▸ Data extracted from a collection
○ ○ ○ ○ ○

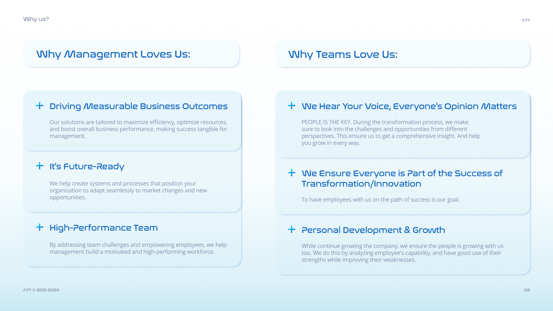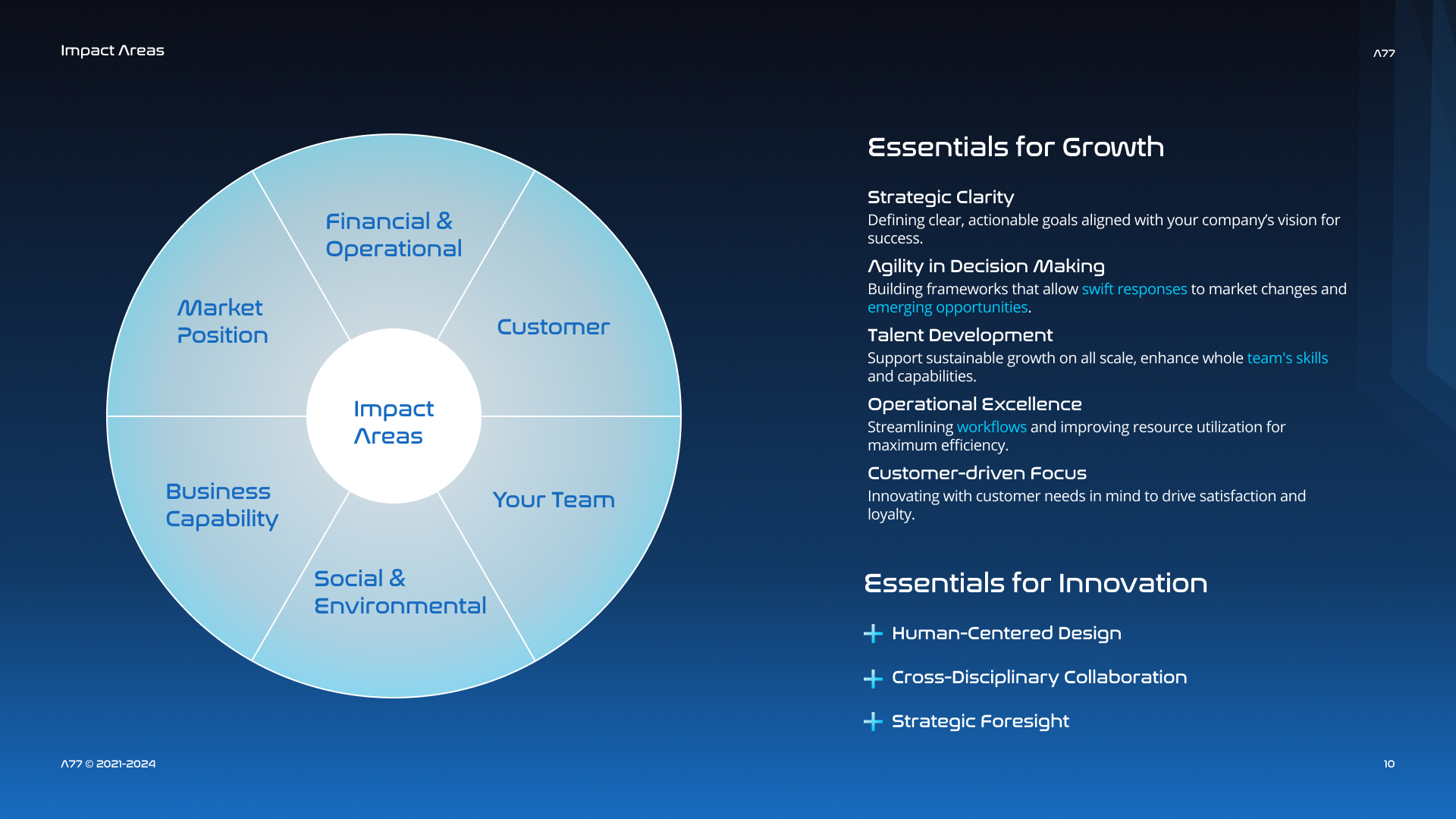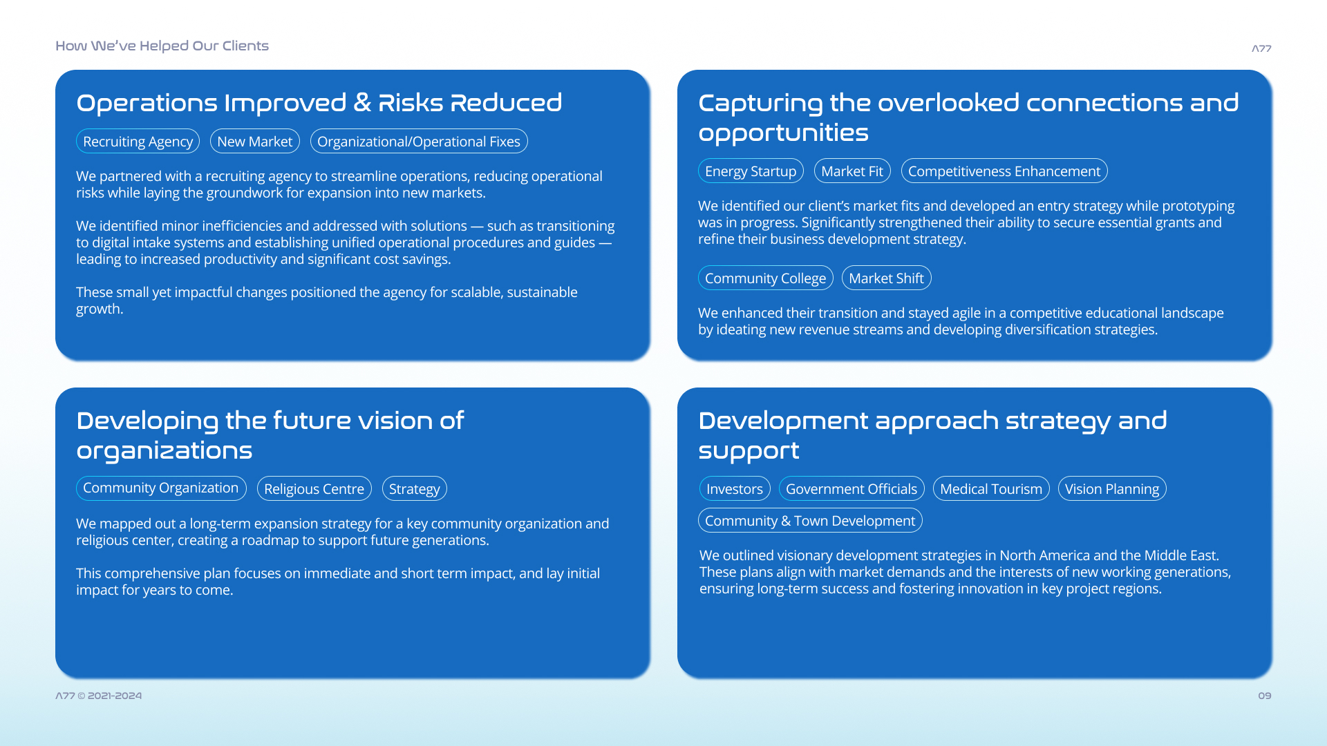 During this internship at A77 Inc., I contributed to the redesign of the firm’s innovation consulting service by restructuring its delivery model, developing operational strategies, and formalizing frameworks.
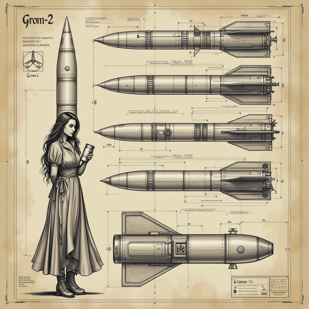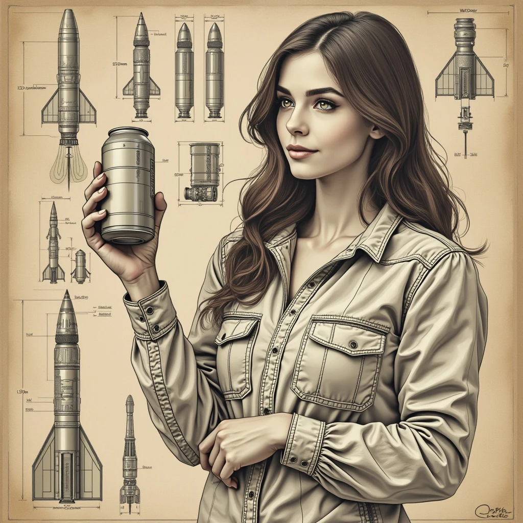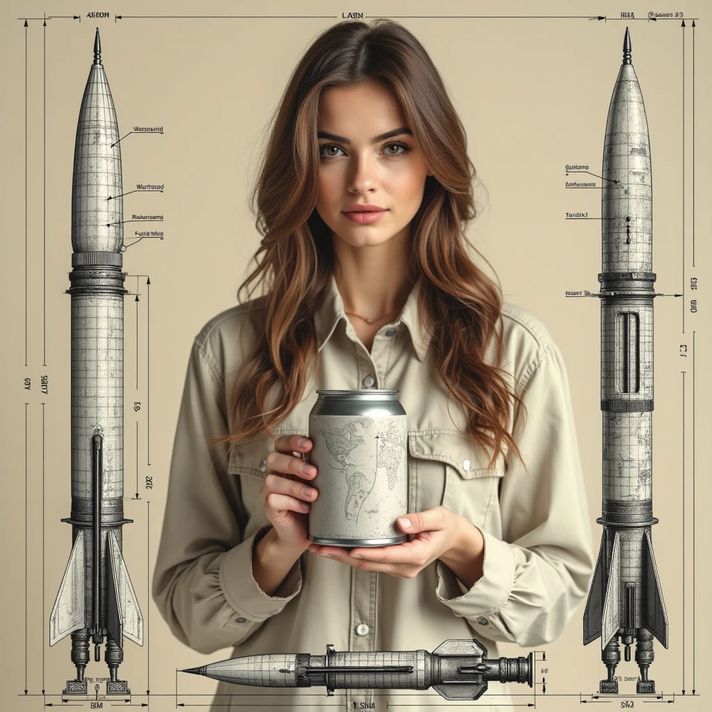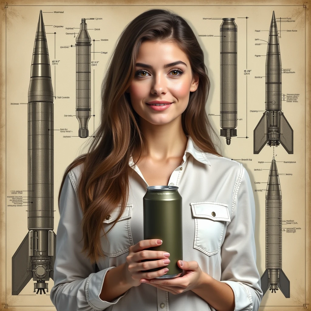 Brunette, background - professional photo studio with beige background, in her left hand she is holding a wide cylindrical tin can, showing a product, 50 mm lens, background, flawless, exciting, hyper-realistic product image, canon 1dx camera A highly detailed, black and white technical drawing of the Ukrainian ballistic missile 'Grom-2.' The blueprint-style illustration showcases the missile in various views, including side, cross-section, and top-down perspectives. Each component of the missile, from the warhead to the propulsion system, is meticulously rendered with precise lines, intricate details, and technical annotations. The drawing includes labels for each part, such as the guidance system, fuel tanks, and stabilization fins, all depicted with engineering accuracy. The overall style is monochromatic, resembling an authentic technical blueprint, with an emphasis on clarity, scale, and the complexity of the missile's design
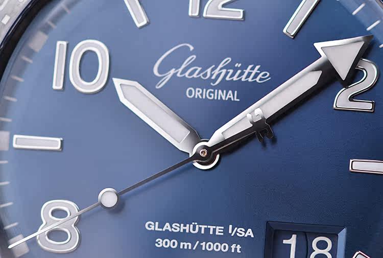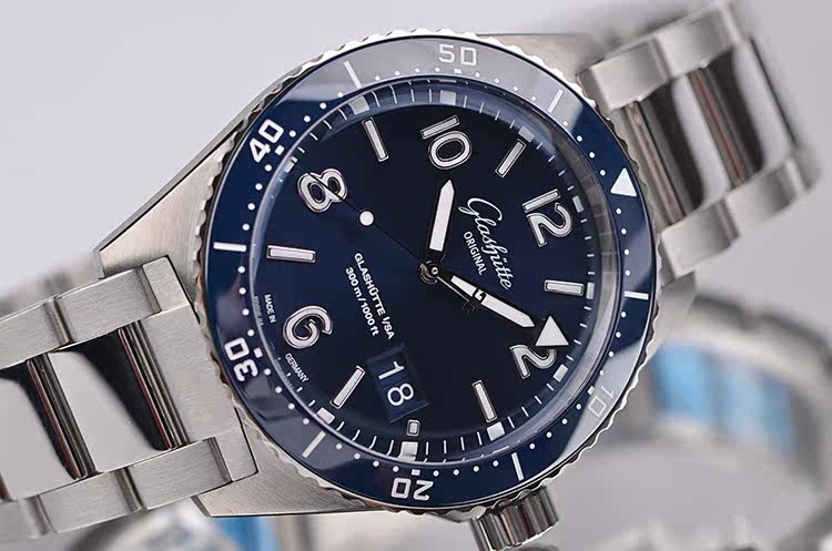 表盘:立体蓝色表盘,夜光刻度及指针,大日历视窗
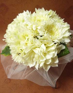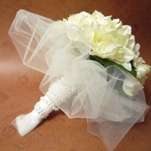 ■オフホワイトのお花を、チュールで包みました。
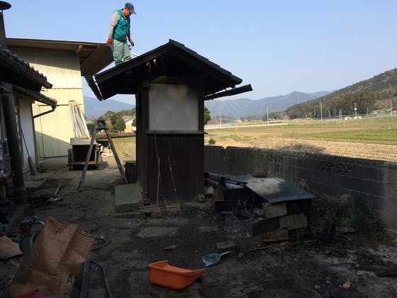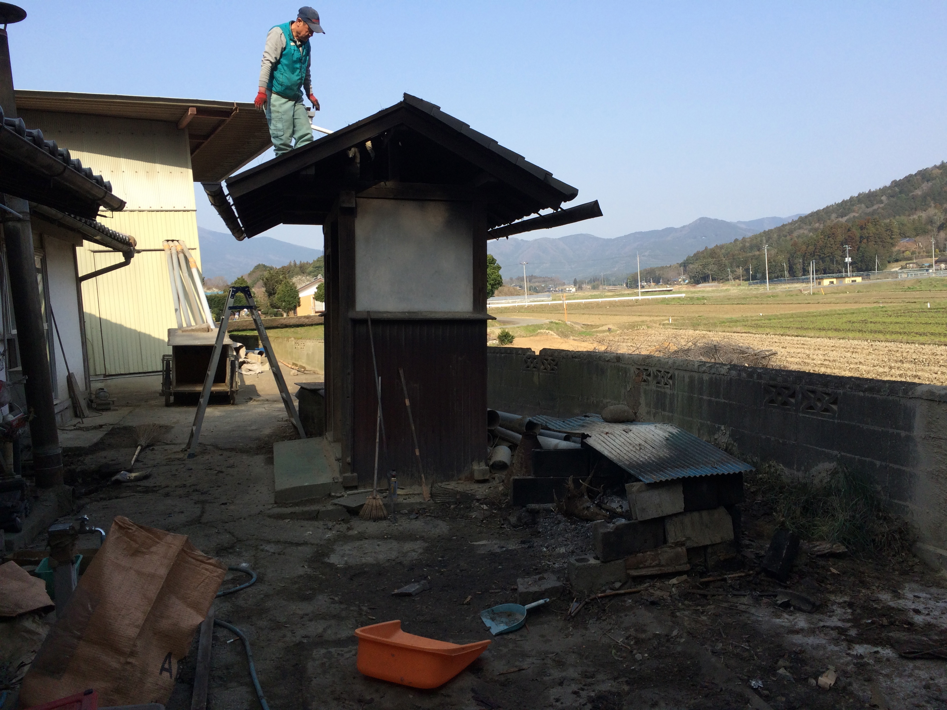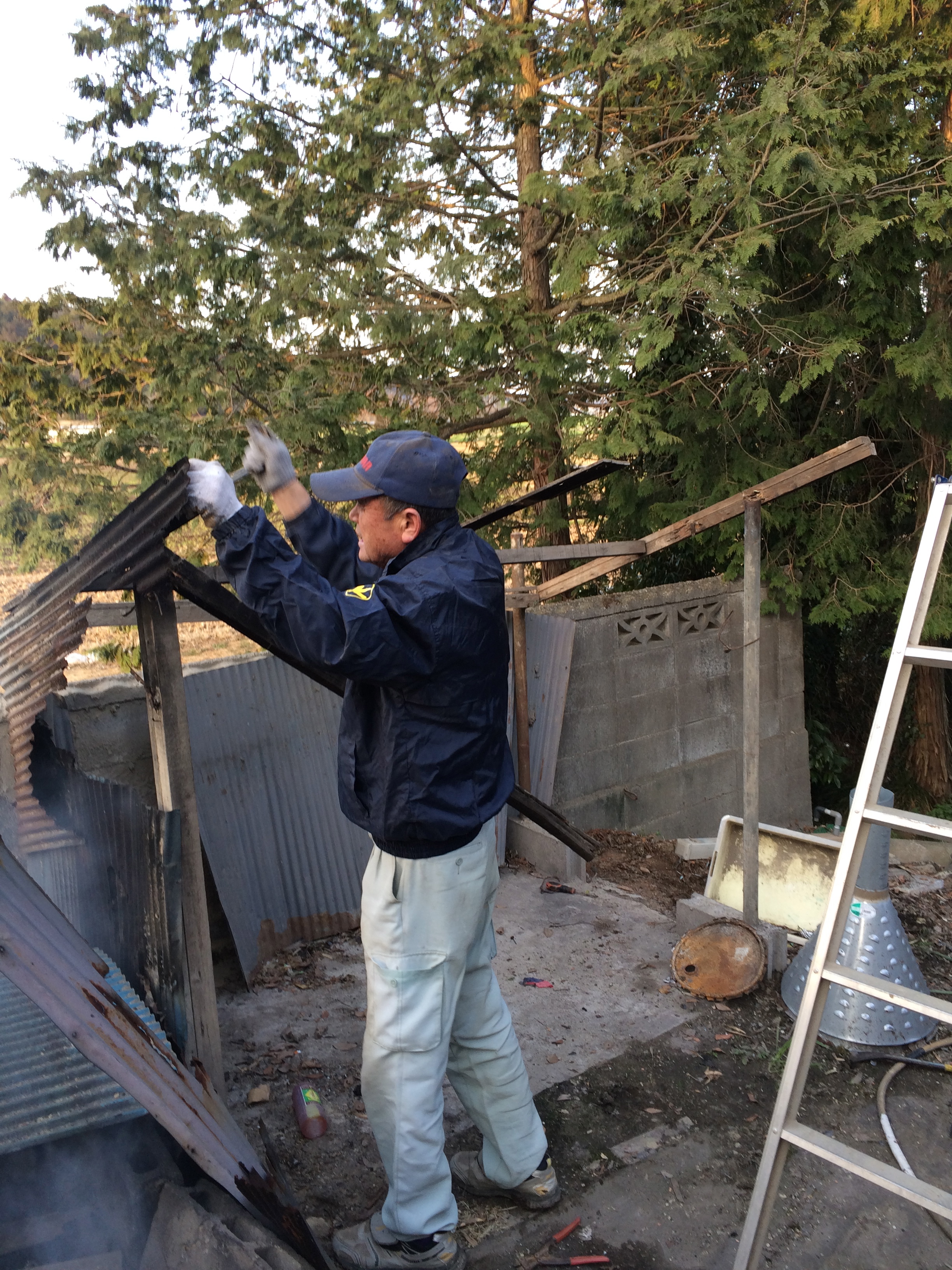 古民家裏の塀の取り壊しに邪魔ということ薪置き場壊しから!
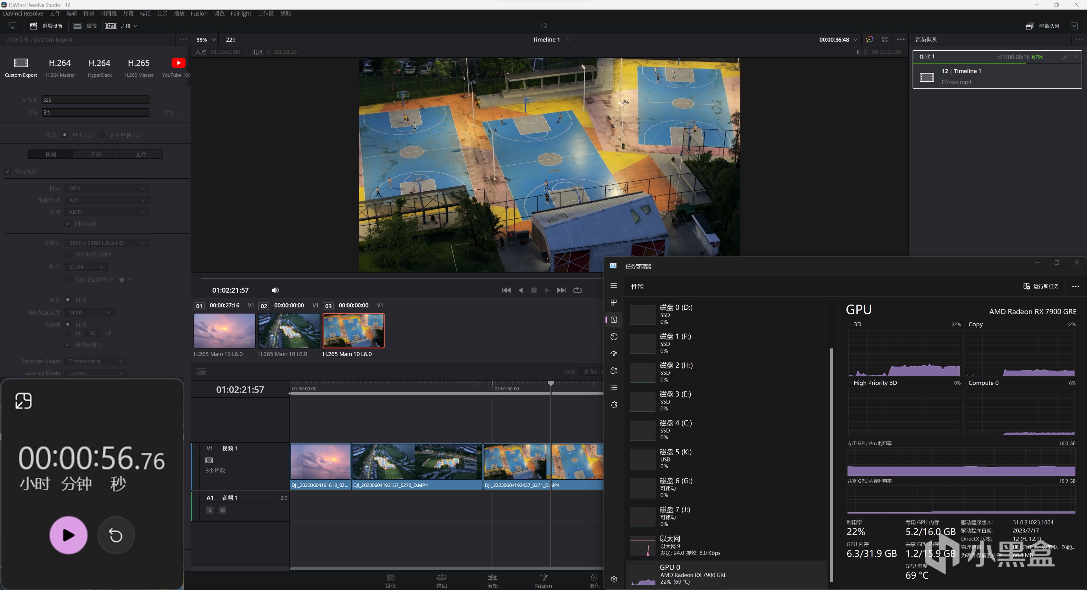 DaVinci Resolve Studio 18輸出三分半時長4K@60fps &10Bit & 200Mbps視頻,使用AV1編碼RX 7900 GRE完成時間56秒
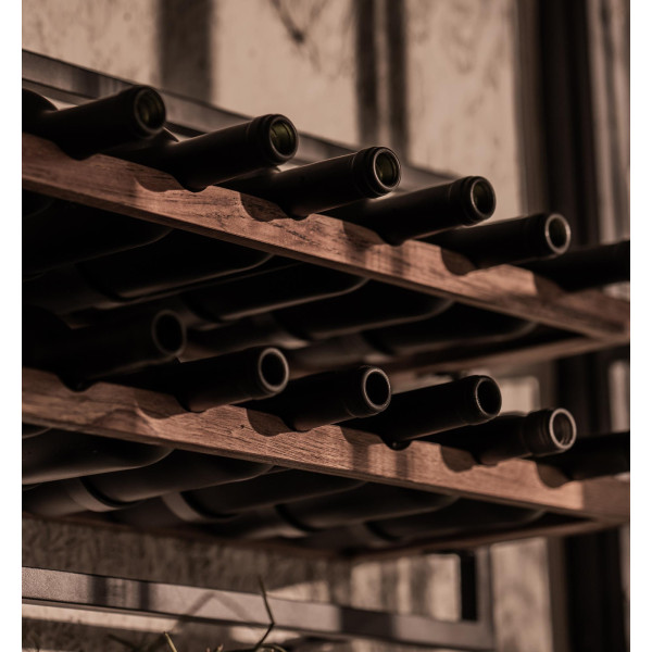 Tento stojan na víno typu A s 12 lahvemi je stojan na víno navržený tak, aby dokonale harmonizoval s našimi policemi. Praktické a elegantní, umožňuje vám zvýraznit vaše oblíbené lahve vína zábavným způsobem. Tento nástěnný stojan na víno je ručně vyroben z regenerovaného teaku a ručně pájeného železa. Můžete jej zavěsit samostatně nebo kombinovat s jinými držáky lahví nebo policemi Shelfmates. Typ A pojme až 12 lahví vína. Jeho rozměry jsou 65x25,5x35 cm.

○ ○ ○ ○ ○

▸ WHAT YOU HAVE TO DO
Exact copy, pictures excluded: every line above from the one containing "Brunette, background - professional" to the one containing "古民家裏の塀の取り壊しに邪魔ということ薪置き場壊しから!", inclusive, and nothing more.

▸ WRITTEN RESPONSE
 Brunette, background - professional photo studio with beige background, in her left hand she is holding a wide cylindrical tin can, showing a product, 50 mm lens, background, flawless, exciting, hyper-realistic product image, canon 1dx camera A highly detailed, black and white technical drawing of the Ukrainian ballistic missile 'Grom-2.' The blueprint-style illustration showcases the missile in various views, including side, cross-section, and top-down perspectives. Each component of the missile, from the warhead to the propulsion system, is meticulously rendered with precise lines, intricate details, and technical annotations. The drawing includes labels for each part, such as the guidance system, fuel tanks, and stabilization fins, all depicted with engineering accuracy. The overall style is monochromatic, resembling an authentic technical blueprint, with an emphasis on clarity, scale, and the complexity of the missile's design
 表盘:立体蓝色表盘,夜光刻度及指针,大日历视窗
 ■オフホワイトのお花を、チュールで包みました。
 古民家裏の塀の取り壊しに邪魔ということ薪置き場壊しから!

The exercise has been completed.